» Directions for this task
Without any pictures, reproduce exactly the lines running from the line containing "Сарафан, демисезонный, серый, черный, на" through the end of the entries.

» Exercise material
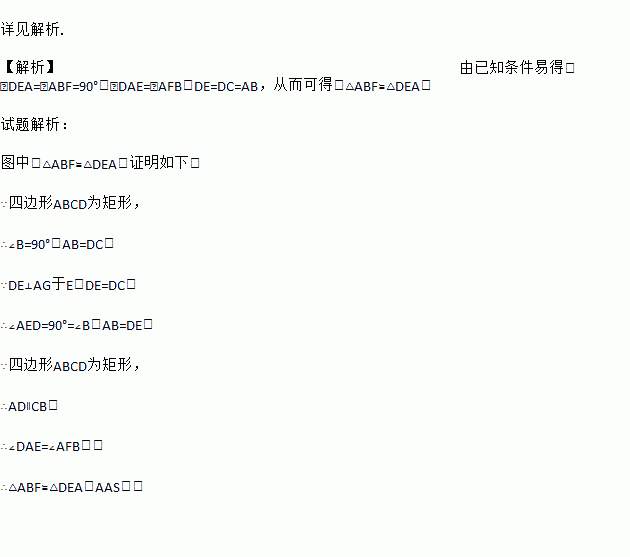 如图,在矩形ABCD中,F是BC边上的一点,AF的延长线交DC的延长线于G,DE⊥AG于E,且DE=DC,根据上述条件,请你在图中找出一对全等三角形,并证明你的结论.
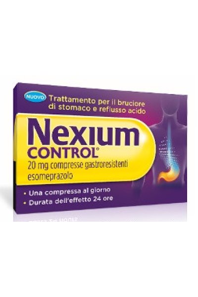 PosologiaPosologia La dose raccomandata è di 20 mg di esomeprazolo (una compressa) al giorno. Potrebbe essere necessario assumere le compresse per 2-3 giorni consecutivi per ottenere il miglioramento dei sintomi. La durata del trattamento è fino a 2 settimane. Una volta ottenuta la completa scomparsa dei sintomi, il trattamento deve essere interrotto. Se non si ottiene la risoluzione dei sintomi entro 2 settimane di trattamento continuo, il paziente deve consultare un medico. Popolazioni particolari Pazienti con compromissione renale Non è necessario un aggiustamento della dose nei pazienti con funzione renale compromessa. Data la limitata esperienza in pazienti con grave insufficienza renale, tali pazienti devono essere trattati con cautela (vedere paragrafo 5.2). Pazienti con compromissione epatica Non è necessario un aggiustamento della dose nei pazienti con compromissione epatica lieve o moderata. Tuttavia, i pazienti con compromissione epatica grave devono essere consigliati da un medico prima di assumere Nexium Control (vedere paragrafo 4.4 e 5.2). Pazienti anziani (≥65 anni) Non è necessario un aggiustamento della dose nei pazienti anziani. Popolazione pediatrica Non esiste alcuna indicazione per un uso specifico di Nexium Control nella popolazione pediatrica di età inferiore a 18 anni per l’indicazione "trattamento a breve termine dei sintomi da reflusso (es. pirosi e rigurgito acido)". Modo di somministrazione Le compresse devono essere deglutite intere con mezzo bicchiere di acqua. Le compresse non devono essere masticate o frantumate.In alternativa la compressa può essere dispersa in mezzo bicchiere di acqua non gassata. Non devono essere usati altri liquidi in quanto il rivestimento gastroresistente si potrebbe dissolvere. L’acqua deve essere mescolata fino a disperdere la compressa. Il liquido con i granuli deve essere bevuto immediatamente o entro 30 minuti. Il bicchiere deve essere sciacquato con mezzo bicchiere di acqua e l’acqua bevuta. I granuli non devono essere masticati o frantumati.
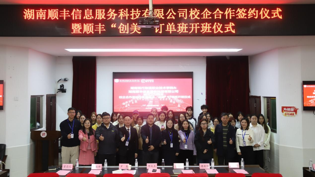 10月31日,我校与湖南顺丰信息服务科技有限公司校企合作签约仪式暨顺丰“创美”订单班开班仪式在学校学术报告厅举行。学校党委委员、副校长罗勇,物流管理学院党总支书记李志红,副院长谭新明、曾恋之、冯梅,党总支副书记李振,班主任张梦雪,湖南顺丰信息服务科技有限公司人力资源总监邓成名、招聘经理李超群、班主任王朝阳等出席仪式,与订单班全体学生及25级快递创美协会成员共同见证了这一重要时刻。
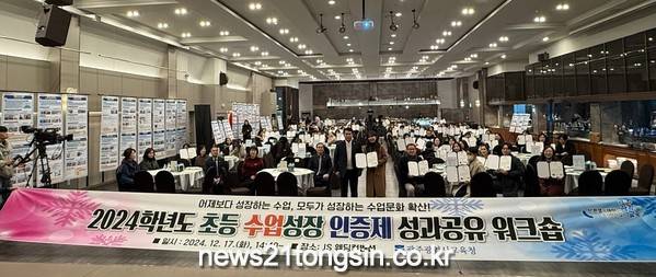 시교육청은 17일 JS웨딩컨벤션에서 인증 교사가 참여한 가운데 ‘성과공유 워크숍’을 개최했다. 이날 워크숍은 ‘어제보다 성장하는 수업, 모두가 성장하는 수업문화 확산!’을 주제로 ▲수업성장 인증제 인증서 수여 ▲수업 성장 Talk 콘서트▲내년도 운영 방향 논의 등 순으로 진행됐다.
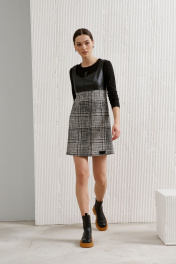 Сарафан, демисезонный, серый, черный, на каждый день, шерсть и экокожа BURVIN 8769-81
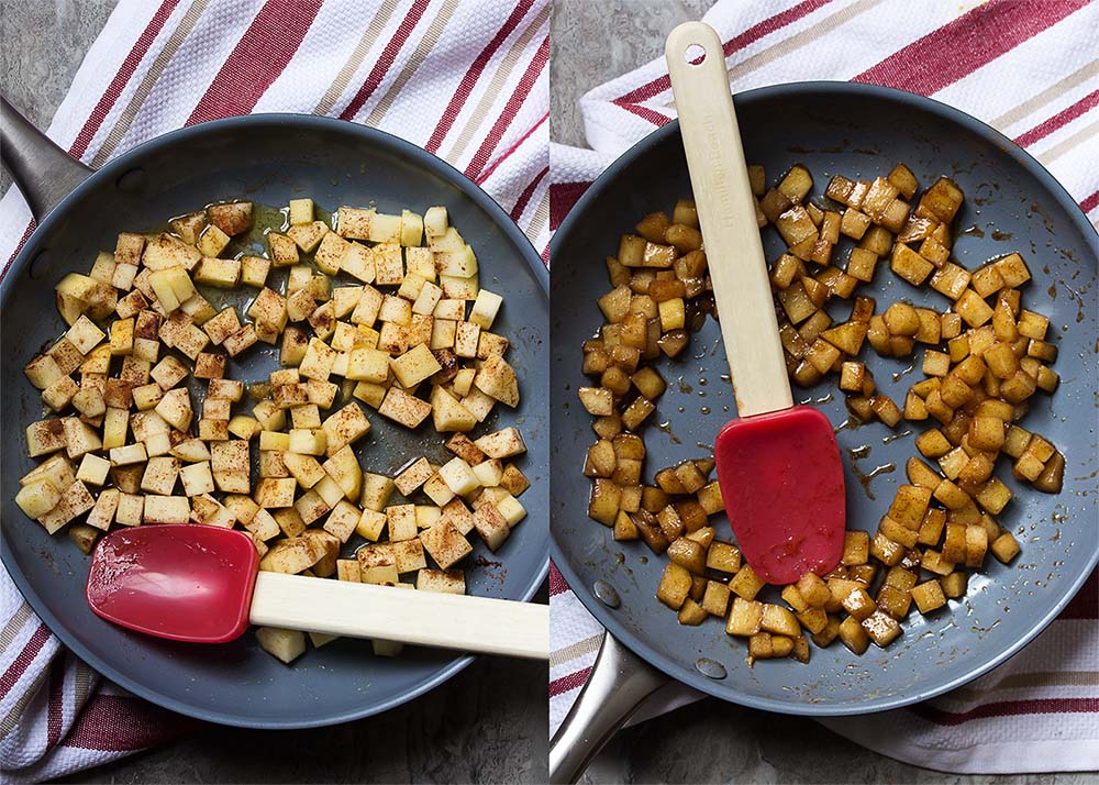 - In a nonstick skillet, melt the butter over medium heat. Once the butter is bubbling, add the rest of the ingredients. Saute the apples until they are soft and tender, 6-8 minutes.

» Exercise solution
 Сарафан, демисезонный, серый, черный, на каждый день, шерсть и экокожа BURVIN 8769-81
 - In a nonstick skillet, melt the butter over medium heat. Once the butter is bubbling, add the rest of the ingredients. Saute the apples until they are soft and tender, 6-8 minutes.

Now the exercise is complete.